§ WHAT IS REQUIRED
Which lines run from the one with "이동식 주방 수납 선반" through the end of the data? Retype them exactly, without pictures.

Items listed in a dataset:

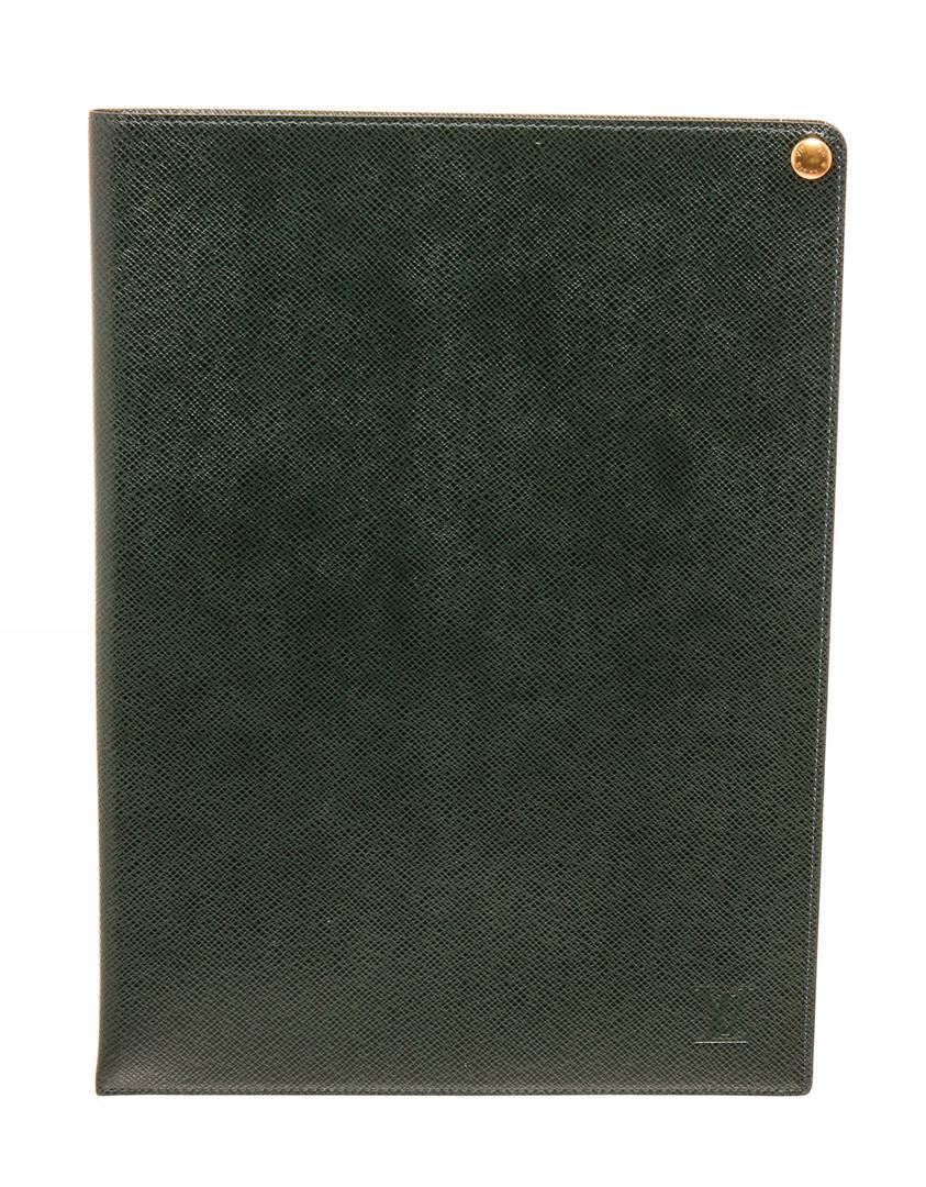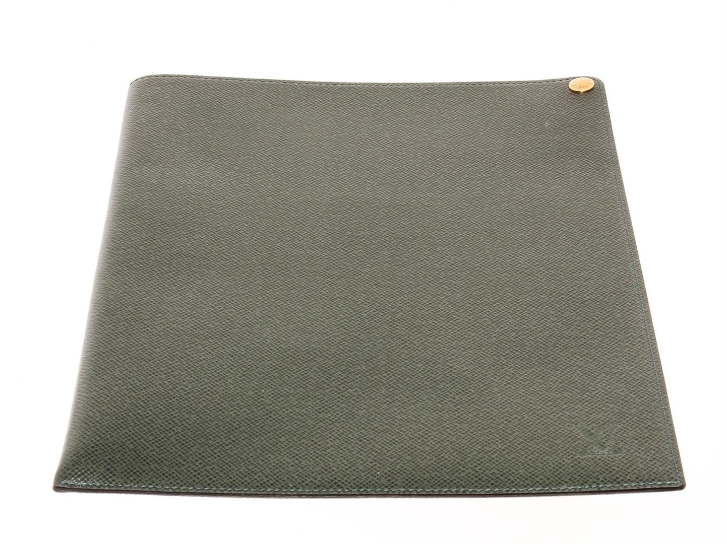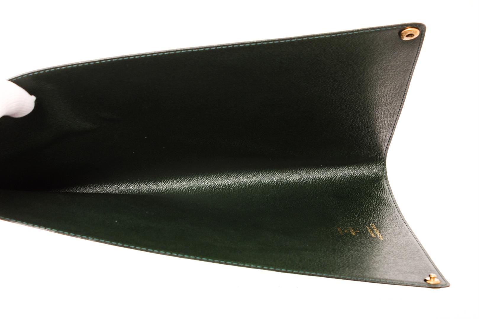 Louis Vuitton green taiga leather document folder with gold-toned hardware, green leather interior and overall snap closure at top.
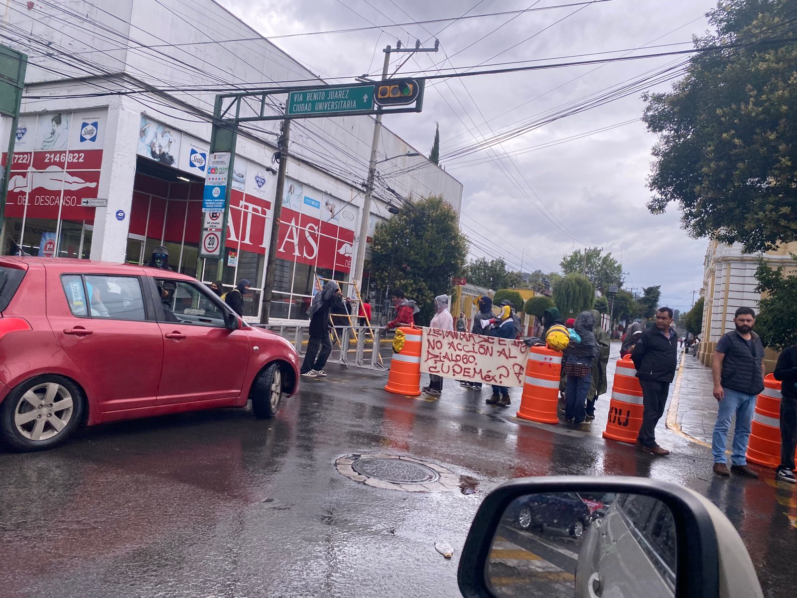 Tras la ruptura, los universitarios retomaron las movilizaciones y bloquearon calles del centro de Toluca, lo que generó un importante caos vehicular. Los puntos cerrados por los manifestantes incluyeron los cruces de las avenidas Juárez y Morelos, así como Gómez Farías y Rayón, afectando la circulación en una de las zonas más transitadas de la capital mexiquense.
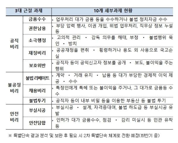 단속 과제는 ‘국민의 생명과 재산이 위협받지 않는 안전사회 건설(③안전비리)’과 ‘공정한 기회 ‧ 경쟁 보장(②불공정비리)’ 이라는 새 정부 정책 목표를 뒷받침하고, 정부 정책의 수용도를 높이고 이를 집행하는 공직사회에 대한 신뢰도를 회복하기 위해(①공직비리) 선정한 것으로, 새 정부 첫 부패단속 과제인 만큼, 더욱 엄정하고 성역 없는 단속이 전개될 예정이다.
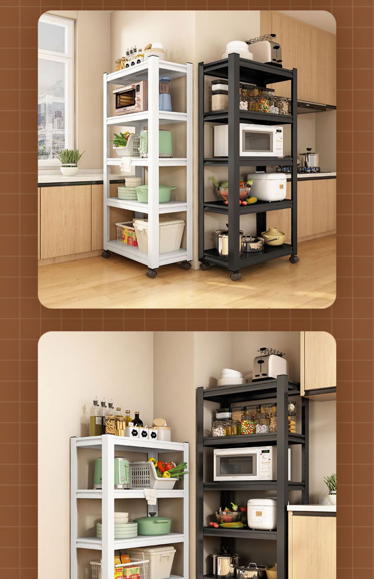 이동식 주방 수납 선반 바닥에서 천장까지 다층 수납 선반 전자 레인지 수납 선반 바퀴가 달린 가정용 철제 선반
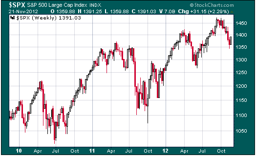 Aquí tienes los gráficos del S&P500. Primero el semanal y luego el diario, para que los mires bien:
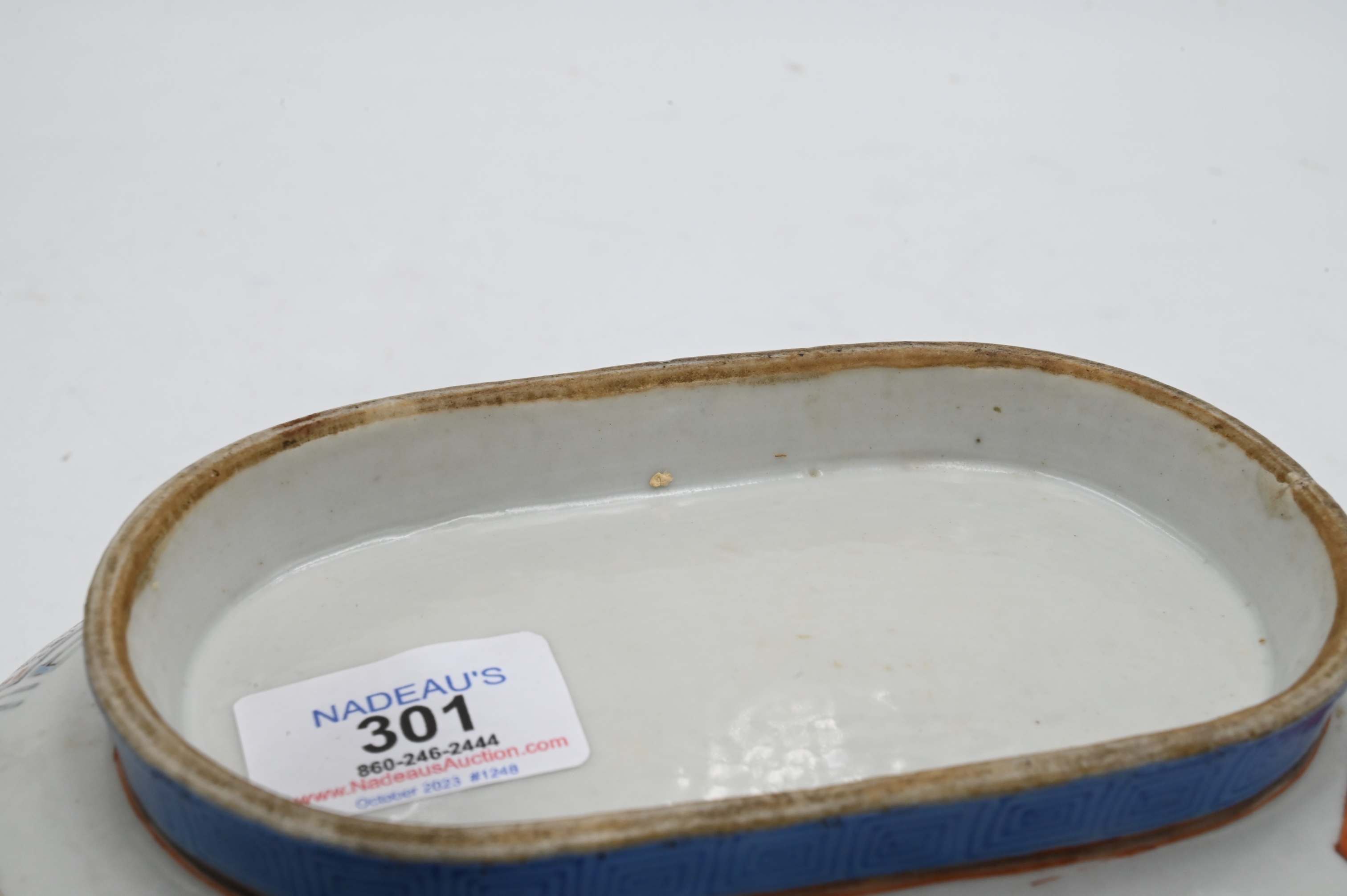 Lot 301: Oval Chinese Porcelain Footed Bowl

§ RESULT
 이동식 주방 수납 선반 바닥에서 천장까지 다층 수납 선반 전자 레인지 수납 선반 바퀴가 달린 가정용 철제 선반
 Aquí tienes los gráficos del S&P500. Primero el semanal y luego el diario, para que los mires bien:
 Lot 301: Oval Chinese Porcelain Footed Bowl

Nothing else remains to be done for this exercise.